By Ruzanna Stepanian
An Indian company that has been developing Armenia’s gold reserves faced protests from environment protection groups on Tuesday as it unveiled plans to relocate and expand its main ore-processing plant.

Sterlite Industries Limited, which owns the Ararat Gold Recovery Company (AGRC), said it would like to move its gold smelter from the southern town of Ararat to an area close to the Zod mines, which have Armenia’s biggest deposits of gold ore. The company needs a government permission for the move and explained its rationale at a roundtable discussion attended by government officials and ecologists.

The AGRC chief executive, Vartan Vartanian, said the Indians are ready to invest $80 million in the new plant which they wants to construct in Vartenis, an impoverished town in northeastern Armenia. He said the proposed plant would drastically increase Armenia’s gold output, pay $100 million in taxes every year and create between 3,000 and 4,000 new jobs in the economically depressed area.

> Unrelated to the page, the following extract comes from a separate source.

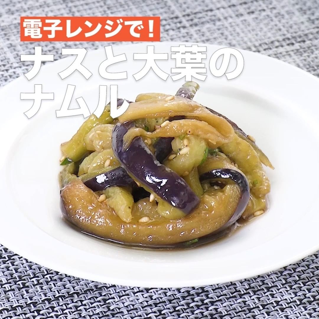 (1)大葉は千切りにする。なすはへたを切り落として縦2等分に切り、水にくぐらせて元の形に戻してラップに包み、600Wのレンジで2〜3分加熱する。そのまま冷水にとって冷まし、水気をとり、食べやすい大きさにさく。

Vartanian claimed that the 167-kilometer distance between Zod and Ararat significantly adds to the company’s production costs. Smelting ore at the Ararat plan is not commercially viable anymore, he said.

Production levels there have steadily decline in recent years. Sterlite Industries blames that on high transportation costs.

But representatives of non-governmental organizations attending the discussion warned that a rise in gold production would mean increased emissions of potassium cyanide, a highly poisonous substance that can cause considerable environmental damage. They dismissed the AGRC’s assurances that all the emissions would be recycled, saying that the company’s environment protection record leaves much to be desired.

“Potassium cyanide is used in gold mining all over the world and is a very dangerous substance,” said Aida Iskoyan of the Center for Legal Protection of Environment. “Yes, the local people are poor and out of work. But we must not seek to improve their socioeconomic conditions at the expense of their health.”

Gagik Vartanian, the deputy minister of trade and economic development, assured the ecologists that the government’s decision on the matter will hinge on the recommendations of the Armenian Ministry of Environment Protection. “The government will not take any steps that would carry the slightest environmental risk,” he said.

Vartenis is located near the eastern shore of Armenia’s ecologically vital Lake Sevan.